Tech Talk: Facebook Is Reusing Your Likes On Posts You Have Never Seen
Do you remember all the pages that you have “liked” on Facebook? Well, the social network does and they are recycling your “likes” and using them to promote “Related Posts” in the news feeds of your friends. Strange as it may sound, you may have never seen the story, “liked” the story or even know that it is being promoted in your name, reports Forbes.
The story broke when Minneapolis developer Craig Condon accused Facebook of “impersonating people without their consent.”
And if Facebook does this to you, you might never know as posts made by Facebook on your behalf are “completely invisible to you, and only show up in your friends’ and family’s news feed,” Condon told Forbes. For it’s part, Facebook is clearly labeling the “liked” content as “related,” but to most Facebook users, these posts look normal.

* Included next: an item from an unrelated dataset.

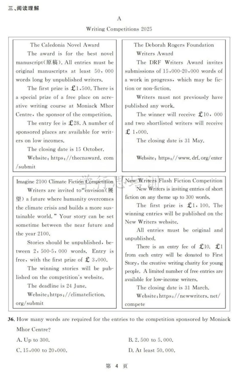 整体难度高于2024年,接近和平一模,学生反馈:写不完。

“It’s hard not to see this as intentionally manipulative and misleading on Facebook’s part,” says Forbes. Facebook has already been in hot water over its use of Sponsored Stories and the social media network made a preliminary $20 million settlement.

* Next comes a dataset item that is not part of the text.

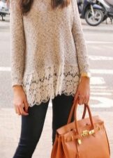 Deserves attention cropped lace blouse with an asymmetrical hem. In a set to it it is necessary to put on trousers or a skirt pencil with a high waist from monophonic dense fabric. But when choosing such an ensemble, it should be remembered that there must be a lining under the lace to avoid unnecessary vulgarity, which implies the presence of open areas of the body in combination with a transparent fabric. Then the bow with this blouse will no doubt be very bright and exciting, but in no way provocative.
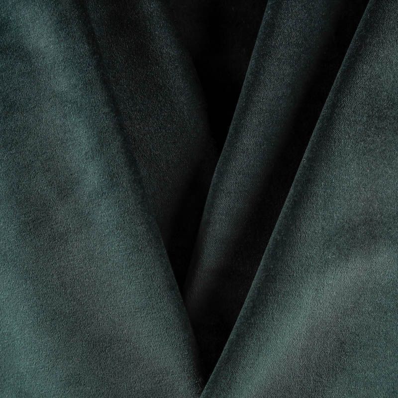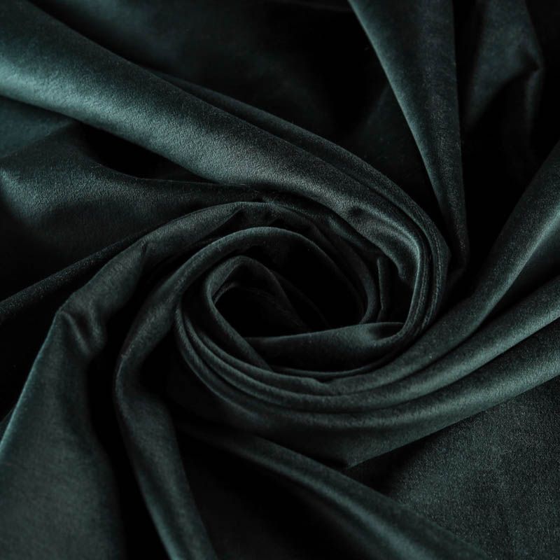 Хлопковый итальянский бархат глубокого зеленого цвета сосновой хвои. Ткань плотная, мягкая с коротким ворсом. Не грубая, хорошо драпируется. Имеет благородный матовый оттенок. Подойдет для пошива нарядного костюма, жакета, юбки, жилета, шорт, комбинезонов, брюк, платья-футляр, легкого пальто или бомбера.

But there is more, writes the magazine. “A story from ReadWrite by Bernard Meisler documents a boatload of cases where friends had supposedly liked brands that the writer couldn’t imagine them ever liking. Some of these friends were no longer even alive!,” reports the magazine. And yet another reporter, Jim Edwards of Business Insider, wrote about how Facebook generates “likes” in ways other than a user clicking a Like button. It seems that Facebook also adds likes any time a user messages a link to a “likable” page. “This automation in combination with fake bot accounts that can pump out these messages effectively create a method through which Likes can be bought. And even if your message that accompanies a link contains negative sentiment, Facebook still counts it as a Like,” explains Forbes.

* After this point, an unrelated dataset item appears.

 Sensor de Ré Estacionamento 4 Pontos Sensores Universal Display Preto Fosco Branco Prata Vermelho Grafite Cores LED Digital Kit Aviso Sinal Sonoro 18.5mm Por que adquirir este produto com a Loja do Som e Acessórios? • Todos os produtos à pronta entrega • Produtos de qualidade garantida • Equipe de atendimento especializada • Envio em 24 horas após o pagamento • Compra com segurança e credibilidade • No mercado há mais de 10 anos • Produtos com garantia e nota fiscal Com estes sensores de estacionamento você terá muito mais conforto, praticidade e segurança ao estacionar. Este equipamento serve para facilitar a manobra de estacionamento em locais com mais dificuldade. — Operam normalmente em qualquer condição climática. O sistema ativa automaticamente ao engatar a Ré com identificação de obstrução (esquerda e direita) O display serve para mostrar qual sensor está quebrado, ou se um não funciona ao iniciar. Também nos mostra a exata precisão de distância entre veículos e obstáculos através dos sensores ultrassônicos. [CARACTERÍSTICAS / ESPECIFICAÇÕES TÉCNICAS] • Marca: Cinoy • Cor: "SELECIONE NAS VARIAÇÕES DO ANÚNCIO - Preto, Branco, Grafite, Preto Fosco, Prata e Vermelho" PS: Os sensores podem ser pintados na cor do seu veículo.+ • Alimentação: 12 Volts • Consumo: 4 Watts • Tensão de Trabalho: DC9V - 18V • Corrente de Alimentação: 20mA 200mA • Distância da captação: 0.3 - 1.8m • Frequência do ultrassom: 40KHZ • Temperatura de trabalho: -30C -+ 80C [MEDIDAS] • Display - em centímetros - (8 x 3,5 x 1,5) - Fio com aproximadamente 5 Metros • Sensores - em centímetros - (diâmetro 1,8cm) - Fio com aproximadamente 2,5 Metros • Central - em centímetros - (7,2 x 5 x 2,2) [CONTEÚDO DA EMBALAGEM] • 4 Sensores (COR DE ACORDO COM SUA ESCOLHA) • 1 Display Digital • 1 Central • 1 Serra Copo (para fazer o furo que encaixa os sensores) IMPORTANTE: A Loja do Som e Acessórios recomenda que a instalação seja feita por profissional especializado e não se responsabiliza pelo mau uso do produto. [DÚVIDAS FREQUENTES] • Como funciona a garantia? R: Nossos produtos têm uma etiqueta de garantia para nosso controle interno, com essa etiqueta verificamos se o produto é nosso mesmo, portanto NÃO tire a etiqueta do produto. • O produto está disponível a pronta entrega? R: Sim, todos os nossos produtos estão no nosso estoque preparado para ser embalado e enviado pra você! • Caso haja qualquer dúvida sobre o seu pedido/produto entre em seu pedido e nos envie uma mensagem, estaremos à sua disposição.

Facebook puts the onus on its users. A spokesman told Forbes that the likes are the result of liking activity and possibly “those people ‘liked’ something by accident, by inadvertently pressing a button, perhaps on the mobile app.”
One way to possibly monitor this is to ask your friends to track your likes and report them back to you. It’s a bit labor intensive, but if you want to avoid ties to something you’re opposed to, it could be worth it.